→ **Exercise aim**: Given the records underneath, please repeat exactly the lines from the line with "Streetwear Høyhalset Genser" through the line with "9. Designuri versatile", passing over any picture.

───── Data shown

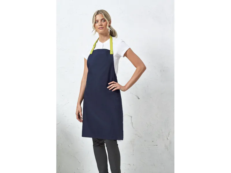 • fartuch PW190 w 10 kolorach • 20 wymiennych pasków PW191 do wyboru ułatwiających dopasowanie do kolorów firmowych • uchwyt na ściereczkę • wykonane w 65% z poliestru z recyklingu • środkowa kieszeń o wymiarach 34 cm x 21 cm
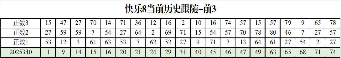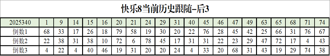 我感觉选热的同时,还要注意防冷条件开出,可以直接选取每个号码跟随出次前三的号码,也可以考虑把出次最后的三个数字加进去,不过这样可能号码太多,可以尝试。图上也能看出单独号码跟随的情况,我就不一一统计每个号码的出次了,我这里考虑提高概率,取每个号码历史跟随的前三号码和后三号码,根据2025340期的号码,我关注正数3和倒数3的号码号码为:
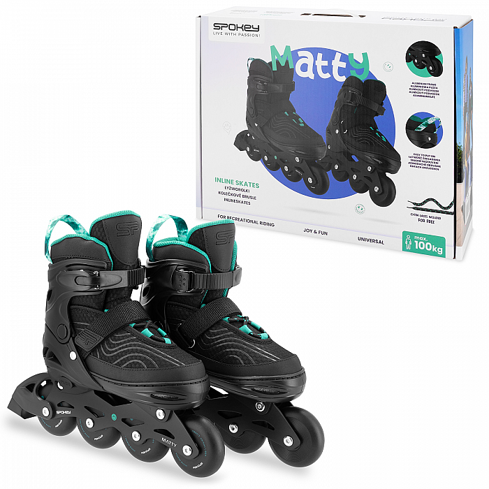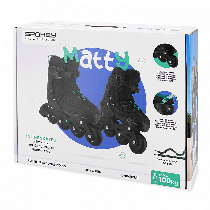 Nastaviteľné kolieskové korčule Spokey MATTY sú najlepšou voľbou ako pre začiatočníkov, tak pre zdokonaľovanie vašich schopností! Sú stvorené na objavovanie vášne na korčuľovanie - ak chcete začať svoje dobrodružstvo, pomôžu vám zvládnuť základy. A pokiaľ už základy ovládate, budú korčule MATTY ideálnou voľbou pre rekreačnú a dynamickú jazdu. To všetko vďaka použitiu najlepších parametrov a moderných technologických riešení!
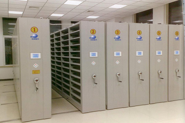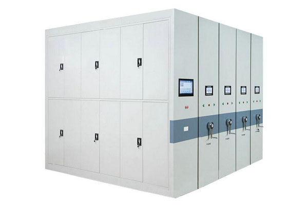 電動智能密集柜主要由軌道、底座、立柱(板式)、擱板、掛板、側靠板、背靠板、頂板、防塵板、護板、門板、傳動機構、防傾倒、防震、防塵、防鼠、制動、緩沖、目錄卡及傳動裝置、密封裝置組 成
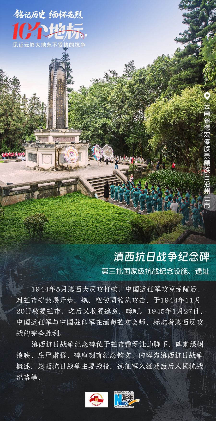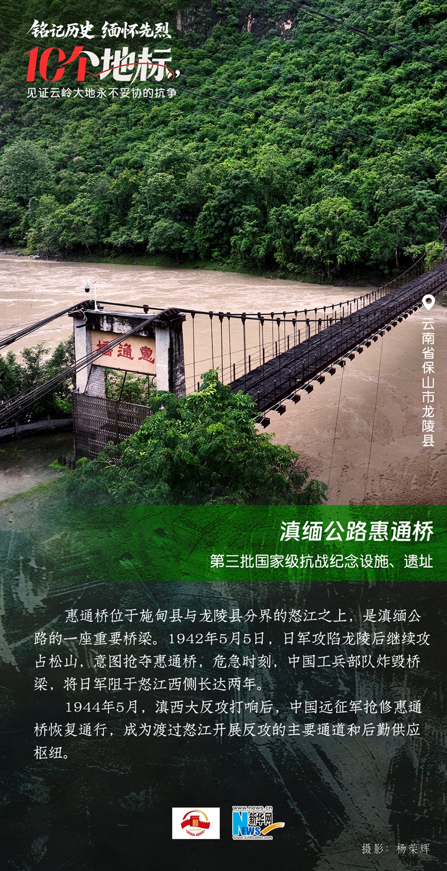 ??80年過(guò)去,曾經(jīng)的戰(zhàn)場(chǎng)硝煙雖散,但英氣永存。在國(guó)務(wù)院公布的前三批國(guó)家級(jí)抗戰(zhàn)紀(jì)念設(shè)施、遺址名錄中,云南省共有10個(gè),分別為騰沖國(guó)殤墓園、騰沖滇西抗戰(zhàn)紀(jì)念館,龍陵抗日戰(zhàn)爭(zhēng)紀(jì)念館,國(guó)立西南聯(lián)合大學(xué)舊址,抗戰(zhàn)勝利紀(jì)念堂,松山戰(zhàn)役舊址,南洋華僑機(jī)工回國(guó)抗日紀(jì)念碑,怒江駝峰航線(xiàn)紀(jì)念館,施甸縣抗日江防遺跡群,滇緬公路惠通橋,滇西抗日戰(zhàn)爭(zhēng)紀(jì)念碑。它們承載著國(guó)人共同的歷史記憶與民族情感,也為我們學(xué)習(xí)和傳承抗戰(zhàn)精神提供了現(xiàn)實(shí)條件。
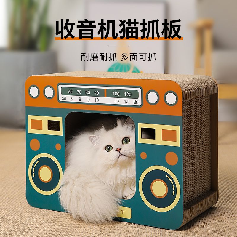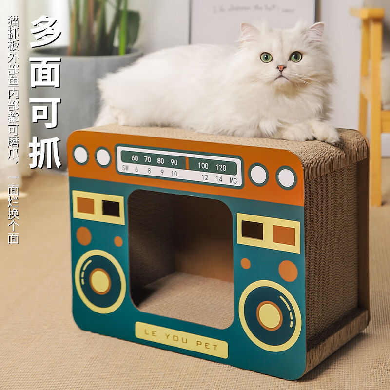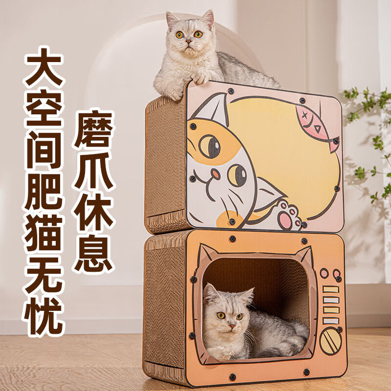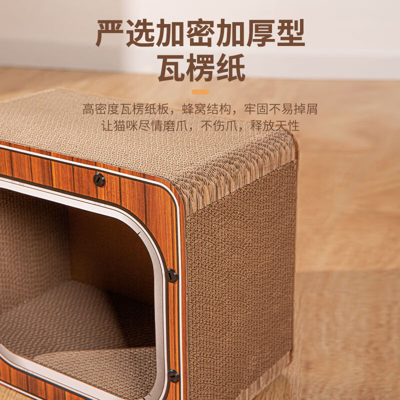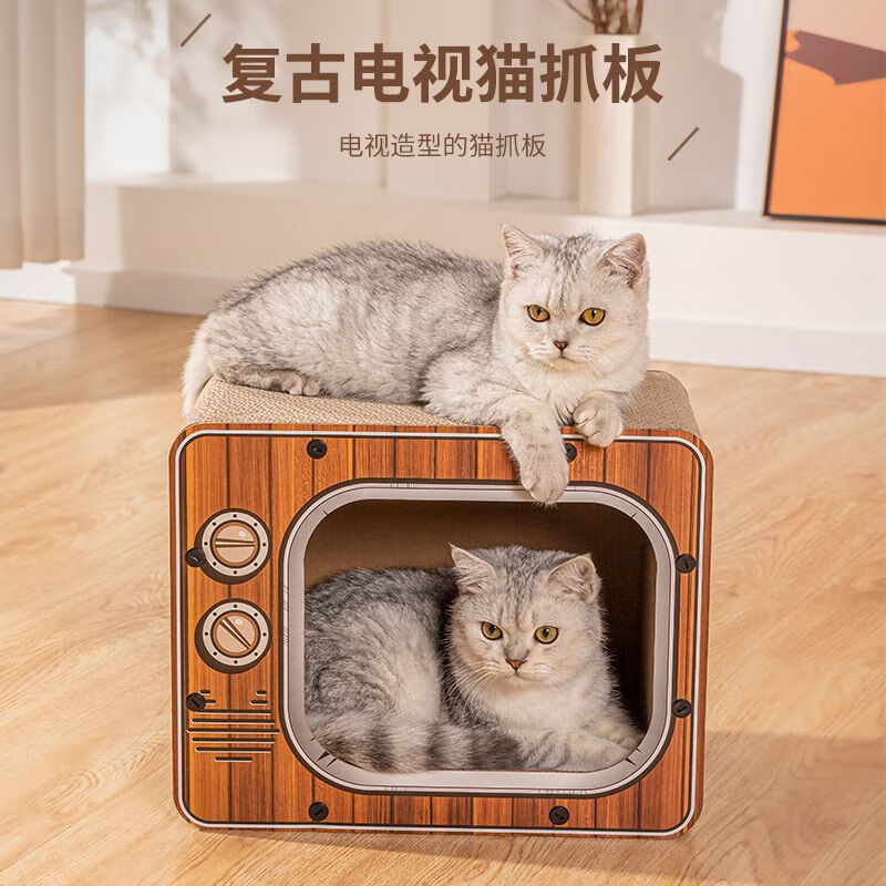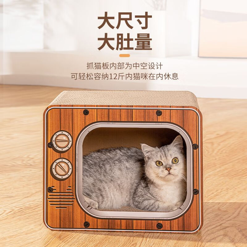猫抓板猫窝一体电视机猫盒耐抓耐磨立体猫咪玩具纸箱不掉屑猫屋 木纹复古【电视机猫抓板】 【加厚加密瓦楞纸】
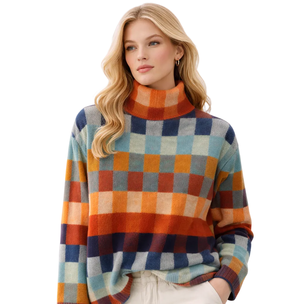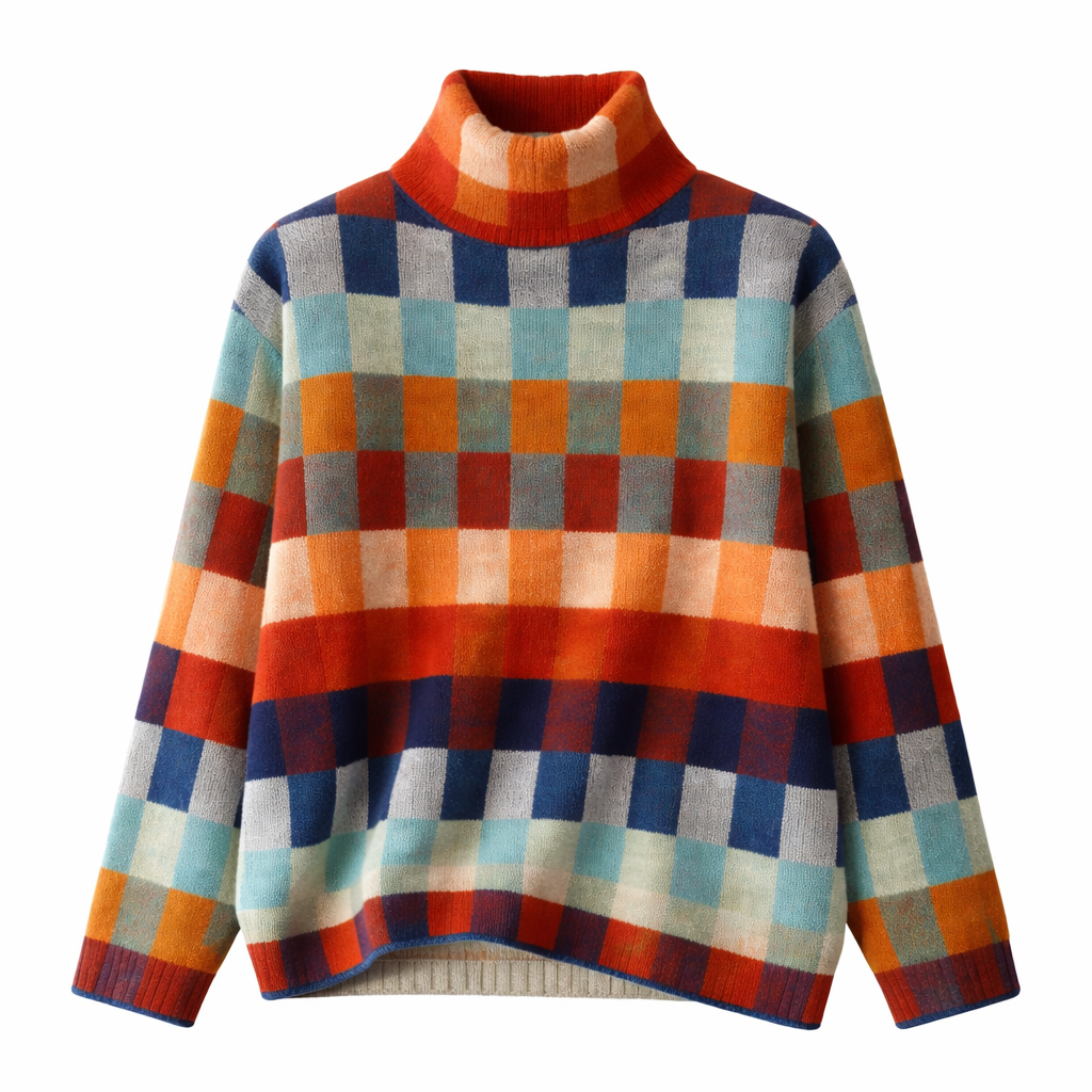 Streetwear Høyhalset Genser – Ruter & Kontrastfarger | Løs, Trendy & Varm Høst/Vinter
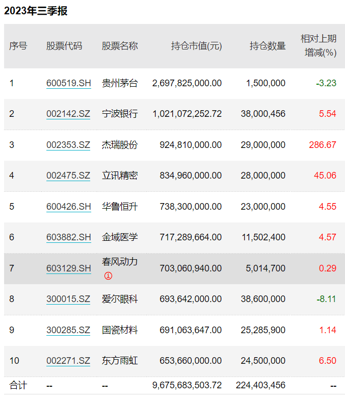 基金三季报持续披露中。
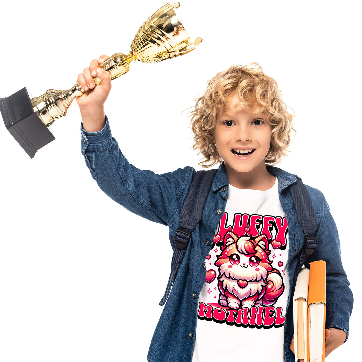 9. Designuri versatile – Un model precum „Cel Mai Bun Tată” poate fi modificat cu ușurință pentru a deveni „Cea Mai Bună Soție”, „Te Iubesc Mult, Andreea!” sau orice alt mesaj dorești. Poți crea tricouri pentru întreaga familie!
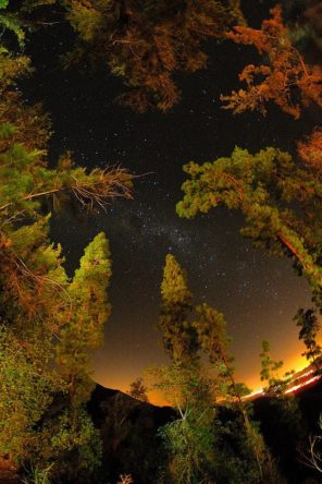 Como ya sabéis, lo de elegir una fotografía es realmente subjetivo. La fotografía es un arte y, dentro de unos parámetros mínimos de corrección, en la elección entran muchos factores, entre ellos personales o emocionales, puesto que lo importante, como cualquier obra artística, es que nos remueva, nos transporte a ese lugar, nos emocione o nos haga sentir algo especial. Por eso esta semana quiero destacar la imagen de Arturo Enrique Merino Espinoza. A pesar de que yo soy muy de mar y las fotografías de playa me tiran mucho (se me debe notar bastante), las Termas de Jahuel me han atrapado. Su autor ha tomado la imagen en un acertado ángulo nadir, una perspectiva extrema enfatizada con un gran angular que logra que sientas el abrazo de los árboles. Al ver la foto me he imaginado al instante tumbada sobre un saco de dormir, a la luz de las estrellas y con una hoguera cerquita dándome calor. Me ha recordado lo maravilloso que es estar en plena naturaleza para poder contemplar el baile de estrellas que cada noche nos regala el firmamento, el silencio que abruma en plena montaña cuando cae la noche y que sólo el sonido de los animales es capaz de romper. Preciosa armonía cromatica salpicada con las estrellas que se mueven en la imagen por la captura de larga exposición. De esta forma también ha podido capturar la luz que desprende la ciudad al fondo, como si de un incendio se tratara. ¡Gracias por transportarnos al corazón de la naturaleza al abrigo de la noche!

──────────

→ **Exercise result**:
 Streetwear Høyhalset Genser – Ruter & Kontrastfarger | Løs, Trendy & Varm Høst/Vinter
 基金三季报持续披露中。
 9. Designuri versatile – Un model precum „Cel Mai Bun Tată” poate fi modificat cu ușurință pentru a deveni „Cea Mai Bună Soție”, „Te Iubesc Mult, Andreea!” sau orice alt mesaj dorești. Poți crea tricouri pentru întreaga familie!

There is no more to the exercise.